_YOUR INSTRUCTIONS_: Within the material below, transcribe exactly the lines from the one holding "8Порт 10/100M/1000 мАвто MDI-MDIXRJ45" through the one holding "Centre for Regional", keeping both ends and skipping the rest.
=== Begin Enclosure ===
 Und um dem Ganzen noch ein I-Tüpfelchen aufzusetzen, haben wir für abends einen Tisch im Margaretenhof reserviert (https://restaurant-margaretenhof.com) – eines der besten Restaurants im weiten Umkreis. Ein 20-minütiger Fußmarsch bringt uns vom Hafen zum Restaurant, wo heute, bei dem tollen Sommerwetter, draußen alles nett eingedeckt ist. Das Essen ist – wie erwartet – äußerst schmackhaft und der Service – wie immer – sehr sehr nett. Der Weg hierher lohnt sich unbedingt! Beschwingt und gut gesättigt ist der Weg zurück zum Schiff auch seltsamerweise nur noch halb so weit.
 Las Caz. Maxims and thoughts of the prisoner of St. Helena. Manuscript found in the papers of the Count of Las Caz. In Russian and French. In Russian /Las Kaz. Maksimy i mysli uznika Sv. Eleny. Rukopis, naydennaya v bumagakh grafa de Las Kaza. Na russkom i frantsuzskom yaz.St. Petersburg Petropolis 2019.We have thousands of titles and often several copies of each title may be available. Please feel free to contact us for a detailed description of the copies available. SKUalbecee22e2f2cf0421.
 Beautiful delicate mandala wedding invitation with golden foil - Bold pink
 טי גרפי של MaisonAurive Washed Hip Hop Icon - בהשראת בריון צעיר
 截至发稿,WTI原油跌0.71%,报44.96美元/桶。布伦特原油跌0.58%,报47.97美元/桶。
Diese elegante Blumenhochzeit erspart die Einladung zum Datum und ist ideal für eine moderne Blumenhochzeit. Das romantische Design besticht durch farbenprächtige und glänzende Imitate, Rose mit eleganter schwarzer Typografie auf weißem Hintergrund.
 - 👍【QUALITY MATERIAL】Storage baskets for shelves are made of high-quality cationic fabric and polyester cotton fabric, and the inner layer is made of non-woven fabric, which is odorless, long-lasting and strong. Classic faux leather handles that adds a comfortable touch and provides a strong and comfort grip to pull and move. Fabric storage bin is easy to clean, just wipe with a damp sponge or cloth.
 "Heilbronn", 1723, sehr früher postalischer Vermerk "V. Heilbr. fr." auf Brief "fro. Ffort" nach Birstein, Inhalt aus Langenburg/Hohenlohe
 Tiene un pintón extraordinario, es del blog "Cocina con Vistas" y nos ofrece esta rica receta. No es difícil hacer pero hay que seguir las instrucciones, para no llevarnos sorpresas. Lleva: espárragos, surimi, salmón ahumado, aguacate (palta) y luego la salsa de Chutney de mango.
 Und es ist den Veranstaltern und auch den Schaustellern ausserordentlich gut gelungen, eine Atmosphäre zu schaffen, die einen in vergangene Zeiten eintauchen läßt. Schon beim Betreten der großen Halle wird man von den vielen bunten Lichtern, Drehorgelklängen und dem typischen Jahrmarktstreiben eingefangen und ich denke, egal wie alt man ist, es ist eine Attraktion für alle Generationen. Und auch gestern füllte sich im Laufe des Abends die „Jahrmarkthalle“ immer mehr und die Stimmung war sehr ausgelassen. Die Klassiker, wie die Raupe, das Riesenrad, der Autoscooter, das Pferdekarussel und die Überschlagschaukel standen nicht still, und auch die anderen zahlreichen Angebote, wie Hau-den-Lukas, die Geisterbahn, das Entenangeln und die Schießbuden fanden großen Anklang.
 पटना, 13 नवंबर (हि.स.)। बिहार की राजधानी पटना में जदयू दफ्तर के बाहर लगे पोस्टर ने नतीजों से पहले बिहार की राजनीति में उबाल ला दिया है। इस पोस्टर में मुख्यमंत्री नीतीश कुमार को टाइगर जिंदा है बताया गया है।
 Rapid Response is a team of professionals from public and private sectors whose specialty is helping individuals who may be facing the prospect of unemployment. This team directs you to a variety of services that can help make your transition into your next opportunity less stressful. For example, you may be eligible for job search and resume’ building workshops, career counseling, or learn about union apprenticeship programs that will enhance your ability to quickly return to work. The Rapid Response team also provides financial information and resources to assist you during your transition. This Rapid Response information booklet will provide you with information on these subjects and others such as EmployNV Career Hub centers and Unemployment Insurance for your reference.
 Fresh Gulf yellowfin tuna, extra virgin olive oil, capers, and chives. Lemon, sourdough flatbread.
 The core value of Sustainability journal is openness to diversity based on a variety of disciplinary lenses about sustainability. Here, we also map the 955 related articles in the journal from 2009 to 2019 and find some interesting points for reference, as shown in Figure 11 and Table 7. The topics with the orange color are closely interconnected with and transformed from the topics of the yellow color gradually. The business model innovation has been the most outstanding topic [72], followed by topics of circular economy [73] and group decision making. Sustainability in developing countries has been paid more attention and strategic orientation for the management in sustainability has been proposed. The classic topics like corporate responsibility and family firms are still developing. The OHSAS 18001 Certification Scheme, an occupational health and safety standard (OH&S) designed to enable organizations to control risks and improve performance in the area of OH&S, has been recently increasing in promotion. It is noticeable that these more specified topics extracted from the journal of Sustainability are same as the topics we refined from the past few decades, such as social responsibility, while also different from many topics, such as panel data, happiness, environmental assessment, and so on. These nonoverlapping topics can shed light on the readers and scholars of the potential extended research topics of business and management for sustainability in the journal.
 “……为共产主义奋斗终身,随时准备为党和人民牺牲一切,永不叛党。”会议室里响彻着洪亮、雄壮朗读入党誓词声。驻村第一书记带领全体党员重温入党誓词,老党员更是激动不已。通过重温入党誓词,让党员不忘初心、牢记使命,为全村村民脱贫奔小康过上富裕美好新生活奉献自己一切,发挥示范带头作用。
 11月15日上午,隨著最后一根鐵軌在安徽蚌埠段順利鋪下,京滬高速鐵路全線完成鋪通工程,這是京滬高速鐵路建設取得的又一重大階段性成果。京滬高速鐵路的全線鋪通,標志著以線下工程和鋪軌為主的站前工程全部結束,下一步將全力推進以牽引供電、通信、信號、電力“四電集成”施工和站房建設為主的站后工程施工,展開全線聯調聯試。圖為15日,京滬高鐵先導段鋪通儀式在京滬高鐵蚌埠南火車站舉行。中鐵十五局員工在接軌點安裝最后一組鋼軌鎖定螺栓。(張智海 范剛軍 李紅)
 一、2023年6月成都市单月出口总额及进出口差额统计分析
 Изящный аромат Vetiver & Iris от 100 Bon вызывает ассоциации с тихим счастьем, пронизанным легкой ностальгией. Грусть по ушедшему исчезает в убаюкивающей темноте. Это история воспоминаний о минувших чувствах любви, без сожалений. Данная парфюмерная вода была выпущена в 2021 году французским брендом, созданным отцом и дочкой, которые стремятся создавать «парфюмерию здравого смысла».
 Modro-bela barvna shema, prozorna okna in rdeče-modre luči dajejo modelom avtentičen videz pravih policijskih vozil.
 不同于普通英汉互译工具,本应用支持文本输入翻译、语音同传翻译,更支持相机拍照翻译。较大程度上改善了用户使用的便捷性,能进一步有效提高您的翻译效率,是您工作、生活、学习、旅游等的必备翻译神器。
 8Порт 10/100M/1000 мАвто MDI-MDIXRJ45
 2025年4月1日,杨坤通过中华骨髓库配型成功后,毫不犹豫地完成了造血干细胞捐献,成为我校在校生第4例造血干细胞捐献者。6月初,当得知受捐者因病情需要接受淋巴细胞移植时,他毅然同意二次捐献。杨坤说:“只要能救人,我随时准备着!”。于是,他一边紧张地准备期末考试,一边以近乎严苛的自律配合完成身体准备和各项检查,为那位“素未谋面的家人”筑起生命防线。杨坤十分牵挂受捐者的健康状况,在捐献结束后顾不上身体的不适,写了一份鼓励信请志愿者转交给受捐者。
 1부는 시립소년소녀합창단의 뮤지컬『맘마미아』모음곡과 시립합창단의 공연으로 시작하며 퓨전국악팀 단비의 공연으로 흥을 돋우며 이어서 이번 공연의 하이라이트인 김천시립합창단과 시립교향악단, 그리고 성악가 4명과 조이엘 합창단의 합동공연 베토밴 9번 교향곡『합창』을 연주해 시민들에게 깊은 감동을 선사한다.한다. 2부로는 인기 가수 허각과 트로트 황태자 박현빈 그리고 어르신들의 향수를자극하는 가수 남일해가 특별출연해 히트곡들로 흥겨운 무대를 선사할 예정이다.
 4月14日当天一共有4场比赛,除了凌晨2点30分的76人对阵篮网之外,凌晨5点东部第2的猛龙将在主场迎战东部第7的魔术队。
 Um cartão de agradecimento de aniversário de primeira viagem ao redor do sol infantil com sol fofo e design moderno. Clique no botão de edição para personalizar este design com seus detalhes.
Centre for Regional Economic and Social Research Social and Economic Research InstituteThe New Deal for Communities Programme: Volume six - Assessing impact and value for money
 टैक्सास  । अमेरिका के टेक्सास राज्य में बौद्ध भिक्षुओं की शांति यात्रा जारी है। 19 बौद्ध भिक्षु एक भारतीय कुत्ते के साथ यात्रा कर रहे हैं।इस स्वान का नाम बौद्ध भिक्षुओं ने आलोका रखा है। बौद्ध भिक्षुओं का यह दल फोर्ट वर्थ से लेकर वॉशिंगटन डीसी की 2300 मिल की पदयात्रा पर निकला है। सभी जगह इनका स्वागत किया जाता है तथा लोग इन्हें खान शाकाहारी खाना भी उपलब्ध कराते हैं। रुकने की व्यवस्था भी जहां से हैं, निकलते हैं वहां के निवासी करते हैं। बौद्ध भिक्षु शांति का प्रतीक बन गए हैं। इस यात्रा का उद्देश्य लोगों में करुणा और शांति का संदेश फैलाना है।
=== End Enclosure ===
_EXERCISE RESULT_:
 8Порт 10/100M/1000 мАвто MDI-MDIXRJ45
 2025年4月1日,杨坤通过中华骨髓库配型成功后,毫不犹豫地完成了造血干细胞捐献,成为我校在校生第4例造血干细胞捐献者。6月初,当得知受捐者因病情需要接受淋巴细胞移植时,他毅然同意二次捐献。杨坤说:“只要能救人,我随时准备着!”。于是,他一边紧张地准备期末考试,一边以近乎严苛的自律配合完成身体准备和各项检查,为那位“素未谋面的家人”筑起生命防线。杨坤十分牵挂受捐者的健康状况,在捐献结束后顾不上身体的不适,写了一份鼓励信请志愿者转交给受捐者。
 1부는 시립소년소녀합창단의 뮤지컬『맘마미아』모음곡과 시립합창단의 공연으로 시작하며 퓨전국악팀 단비의 공연으로 흥을 돋우며 이어서 이번 공연의 하이라이트인 김천시립합창단과 시립교향악단, 그리고 성악가 4명과 조이엘 합창단의 합동공연 베토밴 9번 교향곡『합창』을 연주해 시민들에게 깊은 감동을 선사한다.한다. 2부로는 인기 가수 허각과 트로트 황태자 박현빈 그리고 어르신들의 향수를자극하는 가수 남일해가 특별출연해 히트곡들로 흥겨운 무대를 선사할 예정이다.
 4月14日当天一共有4场比赛,除了凌晨2点30分的76人对阵篮网之外,凌晨5点东部第2的猛龙将在主场迎战东部第7的魔术队。
 Um cartão de agradecimento de aniversário de primeira viagem ao redor do sol infantil com sol fofo e design moderno. Clique no botão de edição para personalizar este design com seus detalhes.
Centre for Regional Economic and Social Research Social and Economic Research InstituteThe New Deal for Communities Programme: Volume six - Assessing impact and value for money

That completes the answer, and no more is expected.